La norma, seppur apprezzabile nell'intento e nella funzione cui è protesa, manifesta un evidente grado di genericità, conseguenza evidentemente di un intervento legislativo frettoloso e non sistematico. Il punto non è rappresentato dalla mancanza di una clausola di compatibilità, che di per sé non risolverebbe del tutto i problemi interpretativi di cui è afflitta la norma, che si sconterebbero comunque sul piano della valutazione degli istituti legislativi e contrattuali della subordinazione applicabili, in quanto compatibili con la fattispecie delle collaborazioni etero-organizzate.
Il limite maggiore della norma in analisi, a parere di chi scrive, è che, nella sua genericità, non si dimostra adatta a contemplare i variegati modelli lavorativi che l'economia digitale ha fatto emergere negli ultimi anni. È la concezione del lavoro ad essere mutata; non è solo un problema di esatta qualificazione del rapporto di lavoro instaurato o questione affrontabile solo mutuando totalmente o parzialmente le tutele lavoristiche di un tipo di contrattuale, corrispondente ad altri modelli economici, com'è quello della subordinazione. Nell'economia digitale, il “lavoro” dell'individuo mantiene certamente una sua centralità, a volte più accentuata a volte meno, a seconda del settore di impresa, ma risulta rimodulato differentemente rispetto ai suoi schemi classici. Ciò che realmente ha rivoluzionato l'avvento del digitale è la modalità di fare impresa, in quanto ha determinato un cambio netto nei modelli organizzativi societari e dei processi di produzione dei beni e della fornitura dei servizi.
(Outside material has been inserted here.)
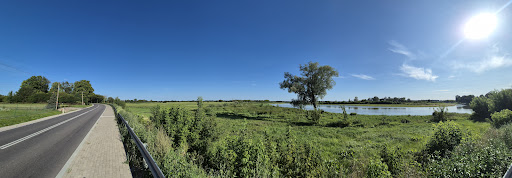 Z ulicy można podziwiać moim zdaniem najładniejszy fragment brokowskiego krajobrazu - łęgi na których latem żyje mnóstwo bocianów.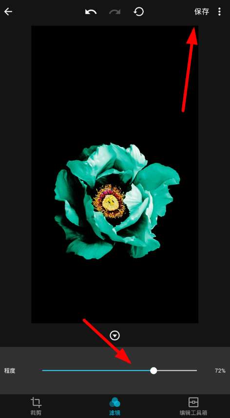 3、如此一来,大家还可以通过进度条控制反差色的强弱,通过右上角按钮点击进行保存,完成反差色滤镜的设置。

Questo ha avuto un'incidenza sul mondo del lavoro, dando vita a nuove dinamiche circa la modalità di svolgimento della prestazione, così da doversi chiedere se il diritto del lavoro debba calcare una nuova frontiera. Prendendo atto dell'evoluzione dei rapporti di lavoro, bisognerebbe interrogarsi se si stiano imponendo nuove forze negoziali sul fronte datoriale e se siano necessarie, conseguentemente, nuove e specifiche tutele lavoristiche, visto che la tecnologia ha sostanzialmente fatto superare concetti tradizionali di luogo, tempi e modalità di esecuzione della prestazione lavorativa. È un problema di assetto normativo e contrattuale, oltre che di trattamento economico. E, da questa più ampia prospettiva valutativa, l'art. 2 d.lgs. n. 81/2015 appare con tutta la sua inadeguatezza.